In Mexico, younger participants were more likely to report SHS exposure across all venues. Other statistically significant correlates of exposure varied across venues examined, with males slightly more likely to be exposed to SHS in bars and those who smoked most frequently reporting higher SHS exposure at their workplaces than non-daily smokers. The fact that SHS exposure did not differ by income or education is noteworthy and consistent with what was found in New Zealand (Edwards ). Nevertheless, the consistency of higher SHS exposure amongst younger participants suggests the importance of addressing this issue in this population not only to enhance compliance but also to ensure that norms regarding non-compliance do not spread to the next generation and propagate over time.

This study has a number of potential limitations. Smokers may under-report SHS exposures if they do not feel comfortable revealing law-breaking behaviour. To address this issue, our questions asked whether ‘anyone’ smoked inside at the last visit, not whether the participant smoked. Nevertheless, this may not have entirely overcome social desirability effects. Furthermore, we asked only about SHS at the last visit, and survey questions and air monitoring that involve longer time frames are likely to produce higher estimates of SHS exposure. On the other hand, smokers who break the law may selectively go to restaurants and bars where they know people will smoke, and which are not representative of these venues. Although we did not survey non-smokers to assess the extent of this bias, our results suggest a tendency for quitters to report somewhat lower levels of SHS exposure than heavy smokers, at least in Mexico; hence, we may have overestimated non-compliance. The extent of bias and lack of generalizability from smokers’ reports of SHS requires further research, including cross-validation studies using self-reports of non-smokers and more objective air monitoring measures. Whatever the self-report biases or issues with external validity, asking the same question at both waves allows for greater confidence regarding assessment of changes in SHS exposure over time.

Conclusions

This study provides the first population-based, prospective data on SHS exposure over the period after implementation of smoke-free policies in middle-income countries in Latin America.
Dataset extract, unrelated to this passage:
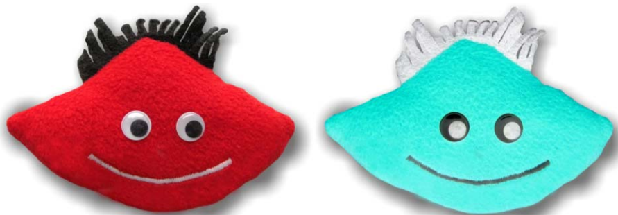
20. ábra. A piros up kvark és antirészecskéje az „antipiros” – invertált piros színű – antiup kvark.

által meghirdetett Fizika a tudományokban és művészetekben versenyen.

Beyond confirming that comprehensive smoke-free legislation is most effective for reducing SHS exposure, this study provides critical evidence regarding SHS in private workplaces that often elude surveillance efforts, suggesting difficulties in compliance there and in bars, even when legislation is comprehensive. New enforcement efforts are needed to enhance compliance and ensure the equitable impact of smoke-free policy, especially in the Latin American region, whereas of May 2012, 12 countries have adopted comprehensive smoke-free policies at the national level (Sebrié ).